GDPR

UK ‘porn block’: everything you need to know

The UK ‘porn block’ is coming into effect on July 15. After this date, all UK-based internet users will have to confirm that they are 18 or older to access adult entertainment sites. Given that Pornhub alone received 33.5 billion visits in 2018, with the UK providing the second-most users after the United States, the coming…


The UK ‘porn block’ is coming into effect on July 15. After this date, all UK-based internet users will have to confirm that they are 18 or older to access adult entertainment sites. 

Given that Pornhub alone received 33.5 billion visits in 2018, with the UK providing the second-most users after the United States, the coming age-verification filter is likely to affect a huge number of people in the UK.

While it’s often called the ‘UK porn block’ that name is not entirely accurate. The age verification law is, in reality, part of section 25 of theDigital Economy Act, which has a number of sections relating to online legislation. 

The process works like this: once July 15 2019 arrives, adult websites will need to show a splash screen to UK users when they arrive on the site. This interstitial screen must contain no adult material at all and should inform visitors that they must prove they are over 18 years old in order to continue.

If a user is able to use an approved age verification system then they’ll enter these details, which will likely be a non-identifying username and password. If they don’t have these details then the site might explain how to get them, but you won’t be able to access the site without providing them…or that’s the idea.

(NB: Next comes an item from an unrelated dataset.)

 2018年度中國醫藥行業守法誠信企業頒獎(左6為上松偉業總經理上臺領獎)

All adult sites, whether hosted or based in the UK or not, will need to support this. Sites which don’t support it may face a fine or be blocked in the UK entirely (or both). Eventually, when the scheme has been running for a couple of months, users will be able to report non-compliant sites. 

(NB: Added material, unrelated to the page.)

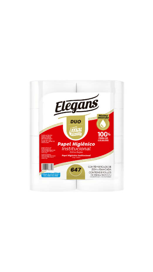 Papel higiênico de alta qualidade com folha dupla, apresentado em 8 rolos de 250 metros cada, fabricado com 100% matéria-prima Duo, garantindo maciez e resistência para uso corporativo.

The British Board of Film Classification has been chosen to administer the scheme. It won’t provide age ID checks itself but it will approve providers who do. It will be responsible for fining non-compliant sites and, if needed, requesting ISPs block those which don’t verify age adequately.

The stated goal of the UK ‘porn block’ is to protect children. The UK government says that young people are too easily able to see hardcore adult video and there is a need to protect them from stumbling across it by accident. You won’t find many people who disagree with that sentiment.

However, the result will be that all consenting adults will need to jump through hoops to prove that they are old enough to access things they’re legally entitled to.

As with most things like this there’s a very good chance a lot of people won’t know how this will affect them, so expect to see some confused and frustrated people wandering the streets on July 15.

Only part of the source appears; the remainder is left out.